Single Particle Analysis provides a level of detail that is masked in ensemble studies. Through SPA, we can identify multi-emitter behavior and defect interactions [1], quantify ultimate performance metrics like near-unity biexciton yields [2], visualize and engineer photostability by suppressing blinking [3], and dissect complex excitonic states within a single nanocrystal [2]. These capabilities allow us to understand and engineer nanomaterials for next-generation quantum and optoelectronic applications.
[1] Zhou, X. et al. Highly Emissive Zero-Dimensional Cesium Lead Iodide Perovskite Nanocrystals with Thermally Activated Delayed Photoluminescence. J. Phys. Chem. Lett. 2023, *14*, 2933–2939.
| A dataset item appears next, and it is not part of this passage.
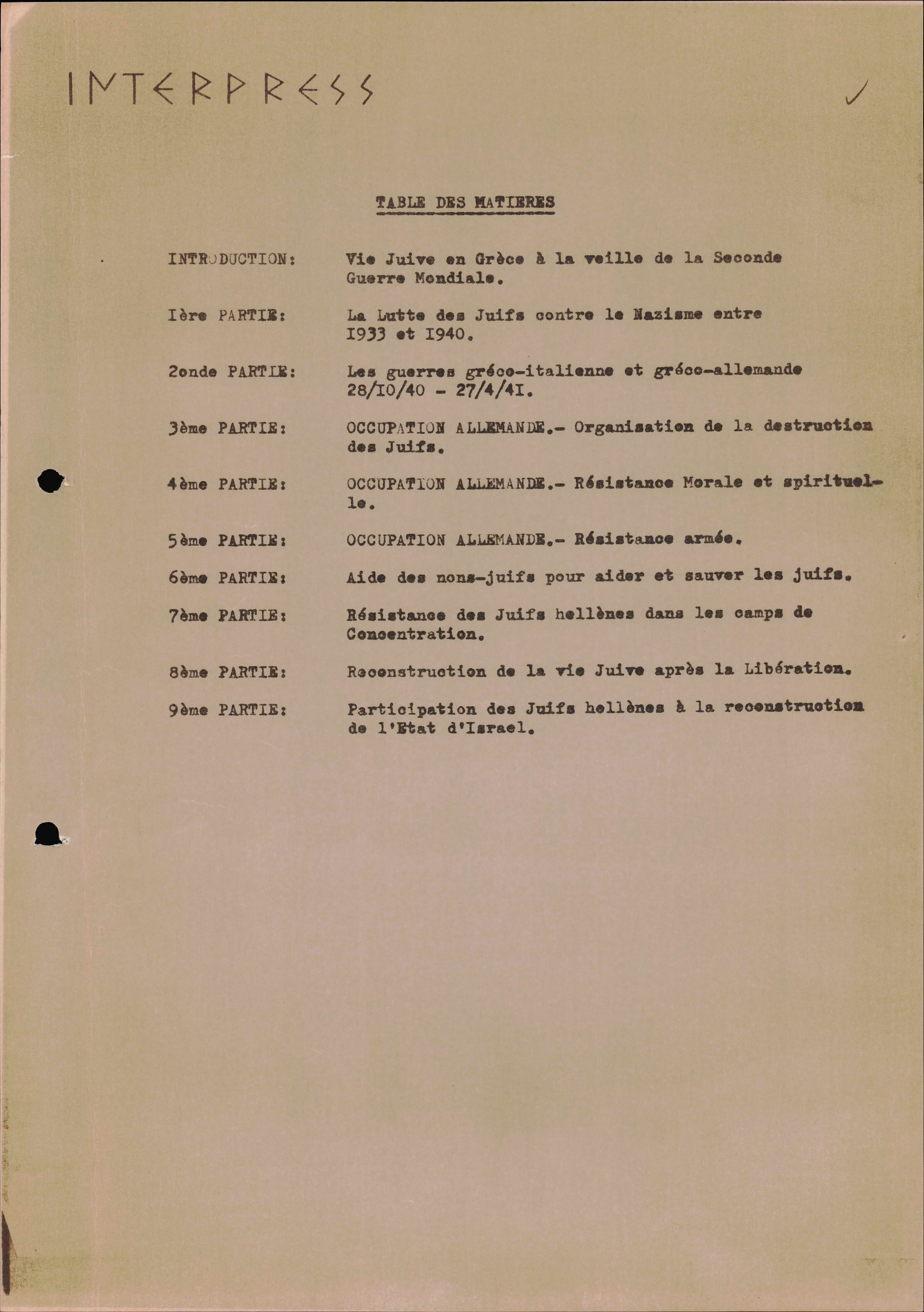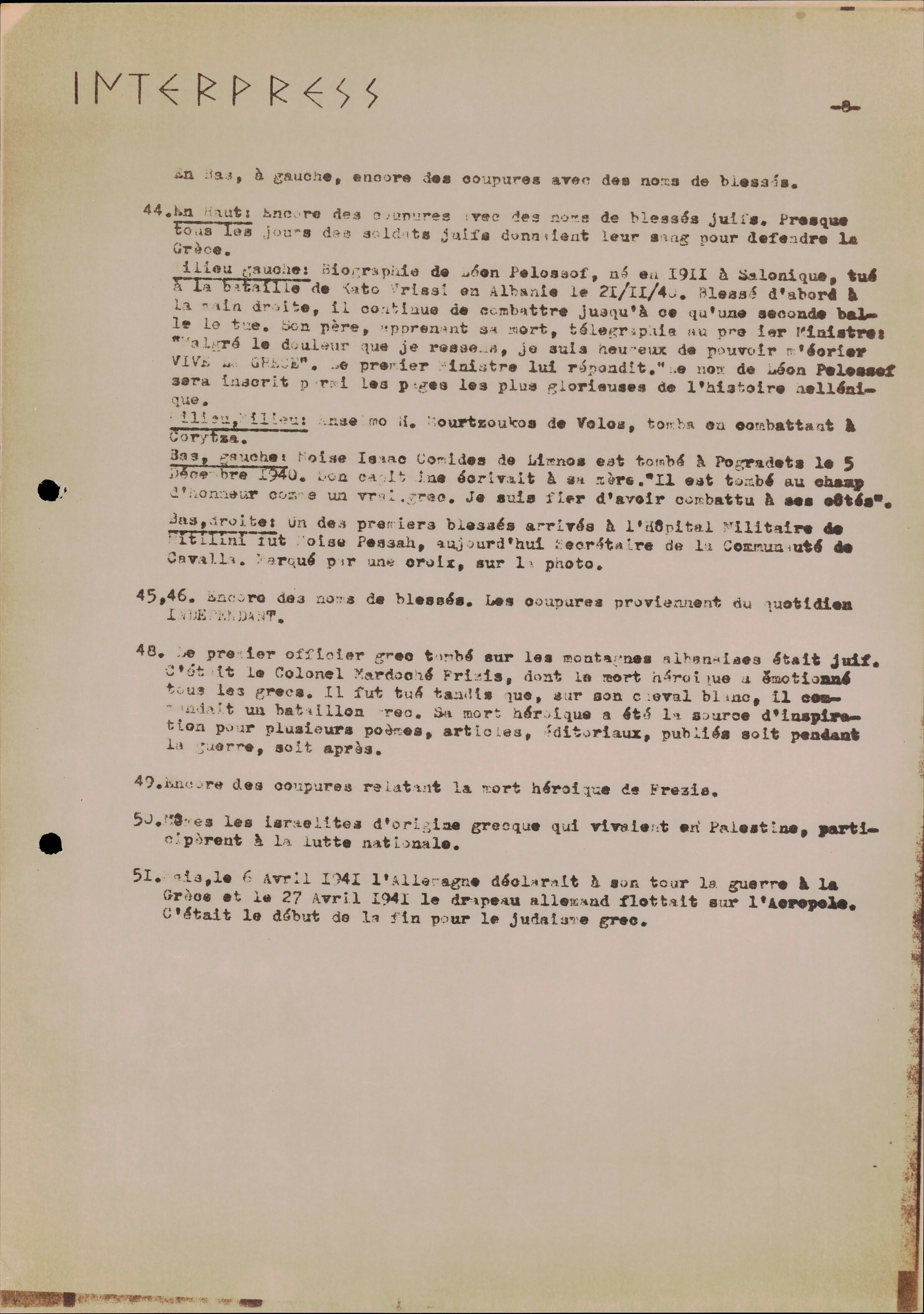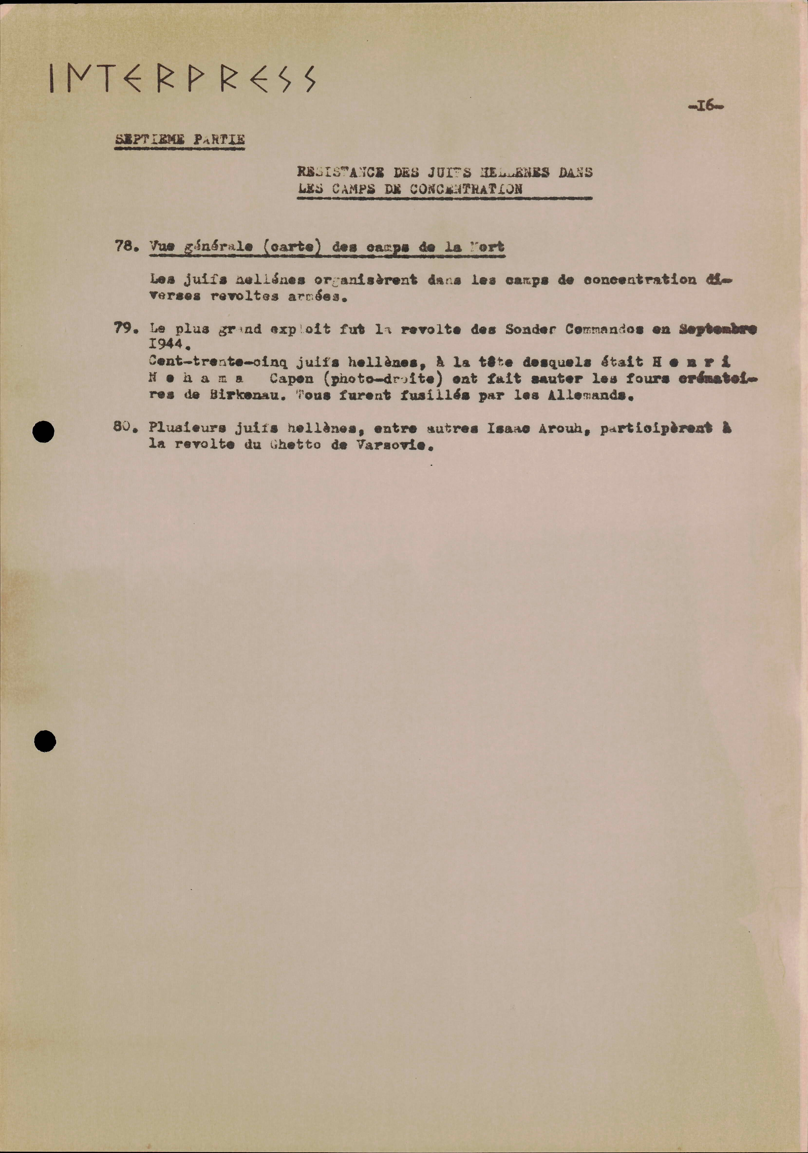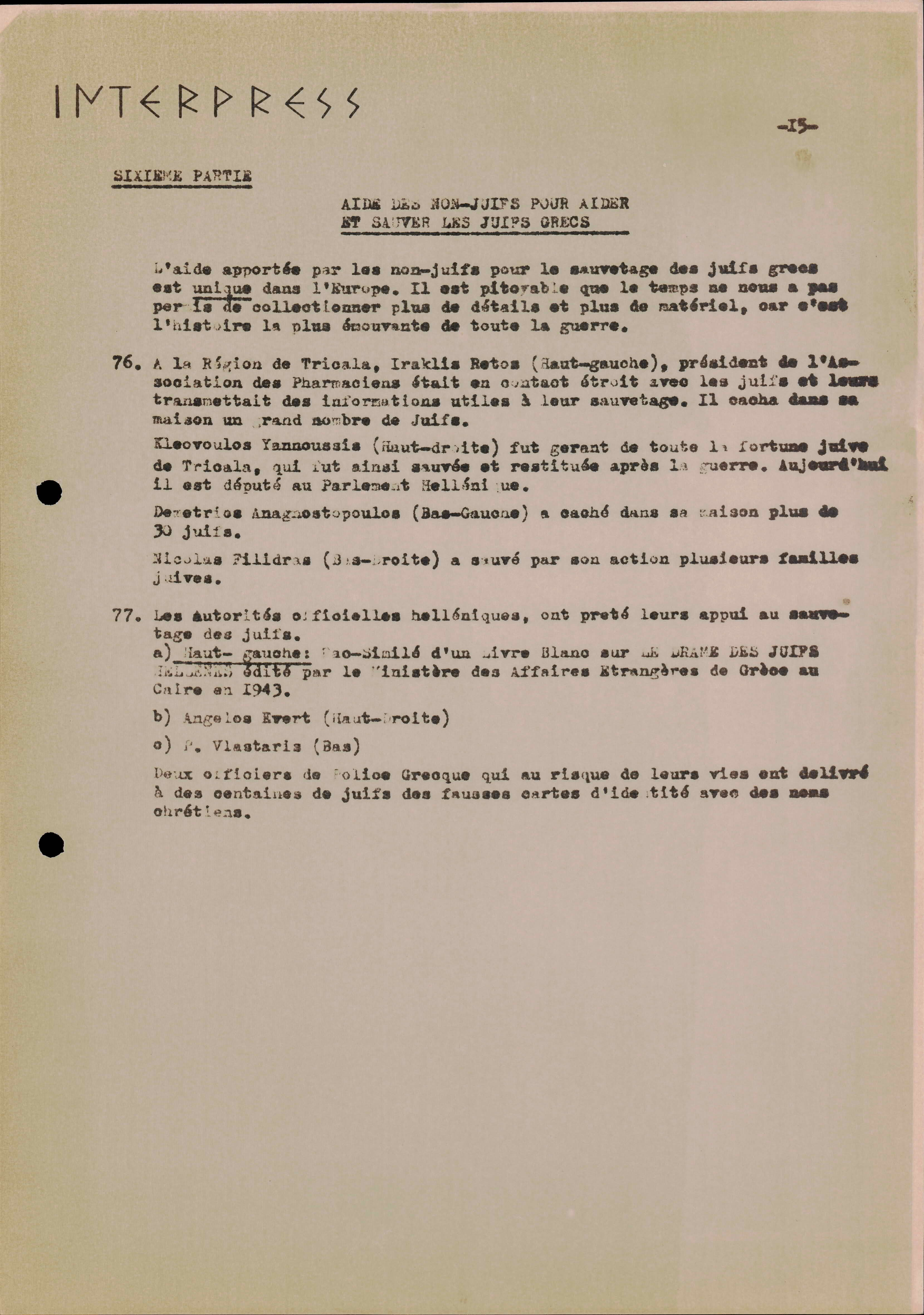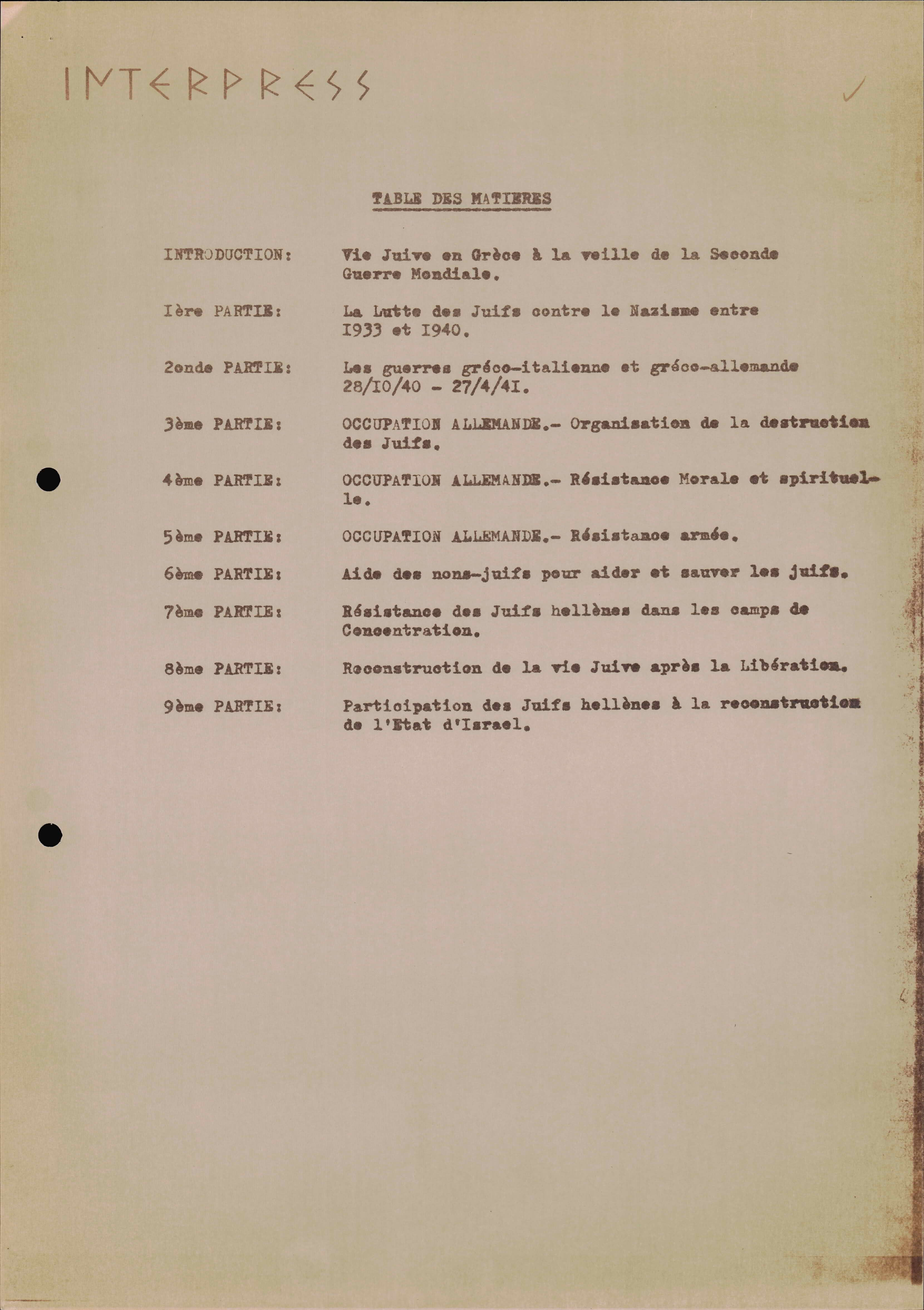 Photocopies of a handtyped document titled "La lutte des juifs contre Hitler et le nazisme-section Grèce".

[2] Marder, A. A. et al. CdS/CdSe/CdS Spherical Quantum Wells with Near-Unity Biexciton Quantum Yield for Light-Emitting-Device Applications. ACS Materials Lett. 2023, *5*, 1411–1419.
[3] Harankahage, D. et al. Quantum Shell in a Shell: Engineering Colloidal Nanocrystals for a High-Intensity Excitation Regime. J. Am. Chem. Soc. 2023, *145*, 13326–13334.